Free radical scavenging of Juwet (Syzgium cumini) Fruit

Juwet  are also known as jamblang, duwet, jambolan, java plump, belongs to the family mrytaceae. This plant rarely known by today's young generation. The colour of Juwet fruit are green, red, purple, or black-blue according to their level of ripeness, sour, sweet,  are the taste of Juwet.

The purple to black colour of Juwet indicates a high anthocyanin content. This is related to differences in the interaction of anthocyanin compounds with various metal ions such as Al, Fe, and Mg. Various anthocyanin content which is one of the antioxidant compounds in juwets such as malvidin, petunidin, delphinidin, cyaniding, petonidin, and pelargonidin. These compounds are easy to form complex compounds with metal ions because it has a hydroxyl group and other groups at certain positions in the aromatic ring. These complex compounds of antioxidants and metals have a stronger ability to fight free radicals    compared to single compounds.

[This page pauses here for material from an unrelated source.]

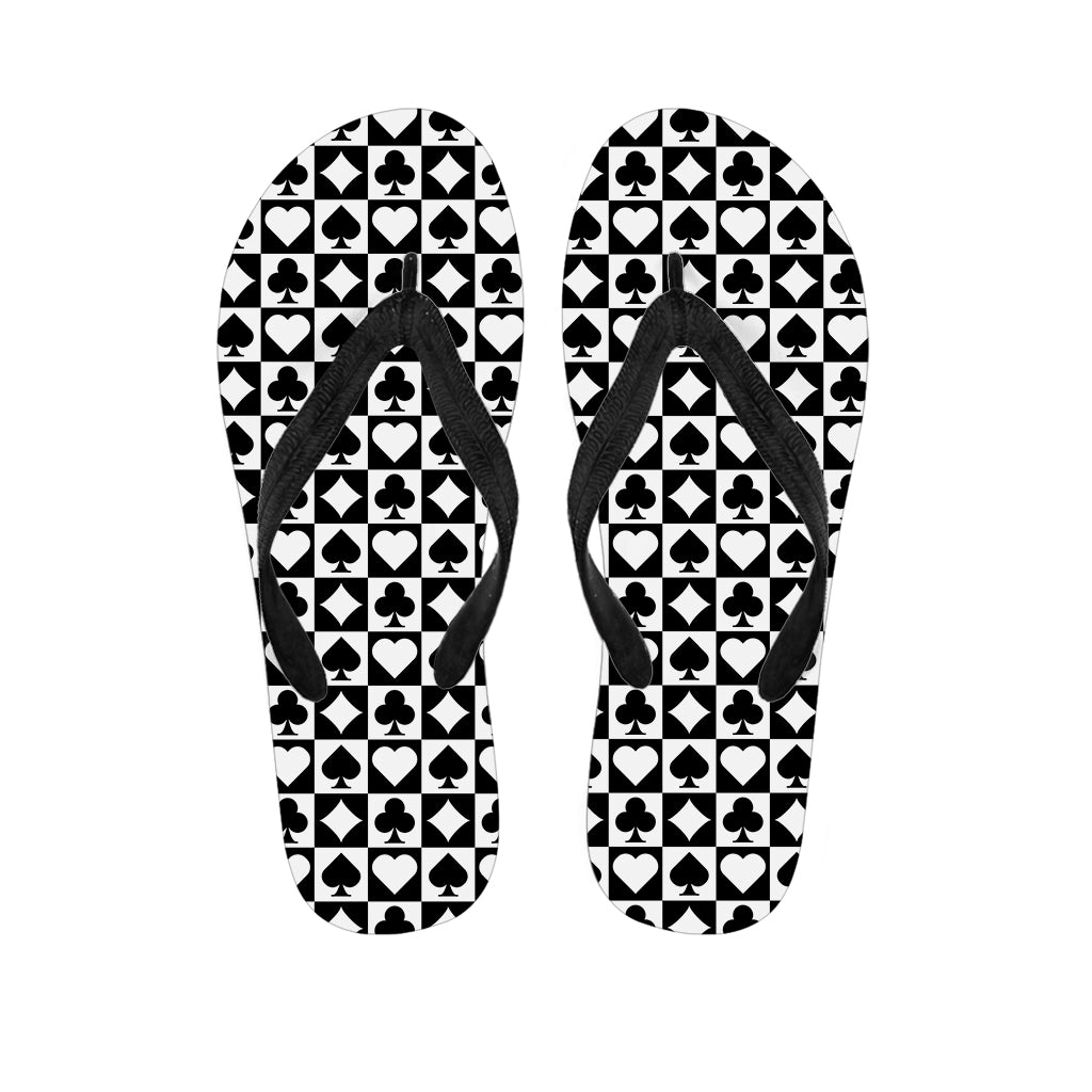 Black And White Playing Card Suits Print Flip Flops For Men Women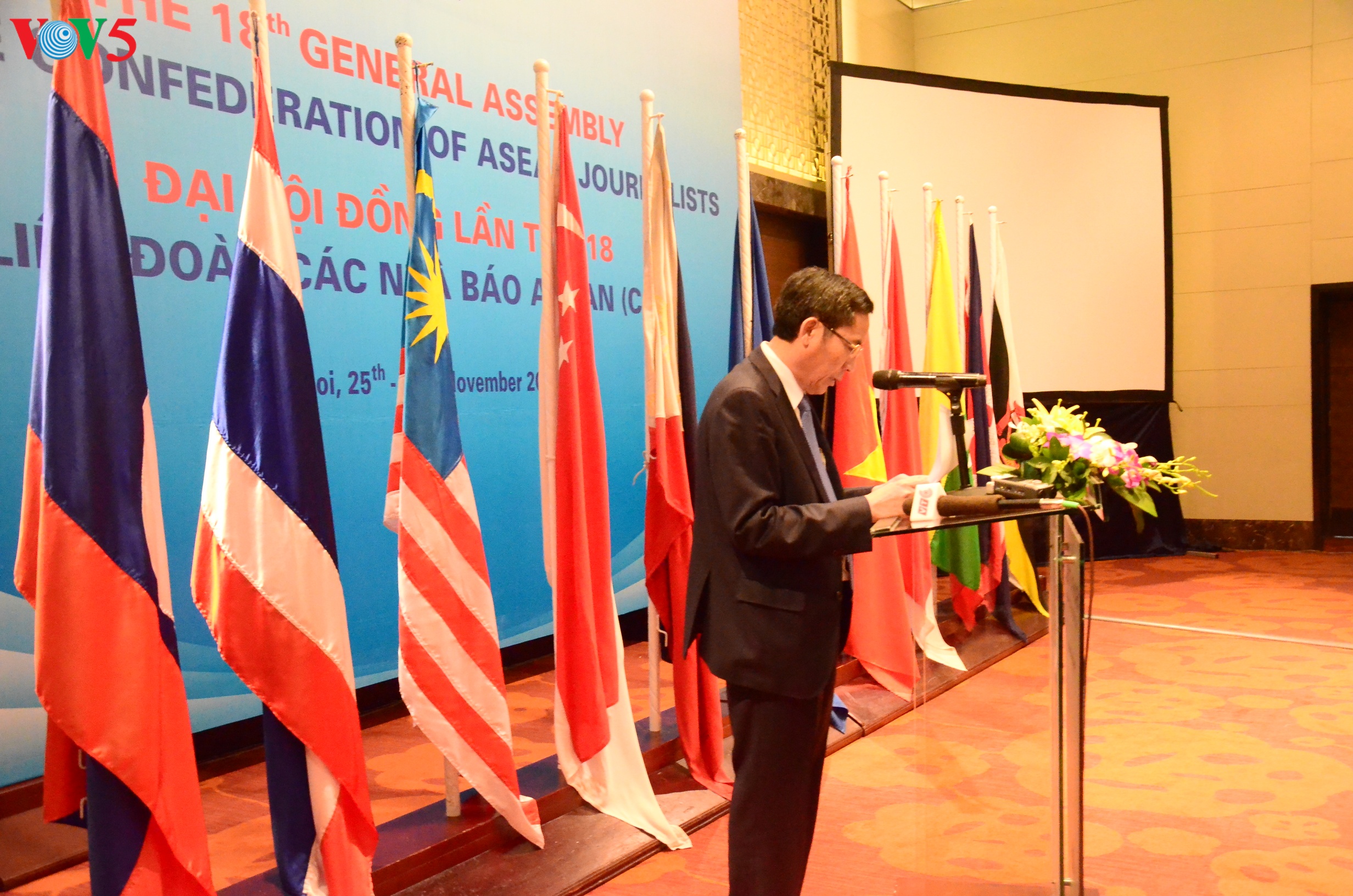 | Sidang ke-18 Majelis Umum CAJ telah mengeluarkan Pernyataan Hanoi . |

           Free radicals are molecules that lose an electron pair so that it is reactive to find new electron pairs. The electrons in their orbitals surround the nucleus and rotate on their axis. Electrons surround, or orbit an atom in one or more layers and spin on the axis occurs in two opposite directions from left to right (Spin down) and from right to left (spin up) so that all electrons in orbitals are paired with spin in opposite directions. Paired electrons in orbitals with opposite spin directions indicate the stable condition of an atom. Electrons in stable condition have diamagnetic properties. The opposite is a condition where an atom does not have paired electrons, so that the rotation of electrons in parallel or in the same direction in orbitals will cause a magnetic field with paramagnetic properties.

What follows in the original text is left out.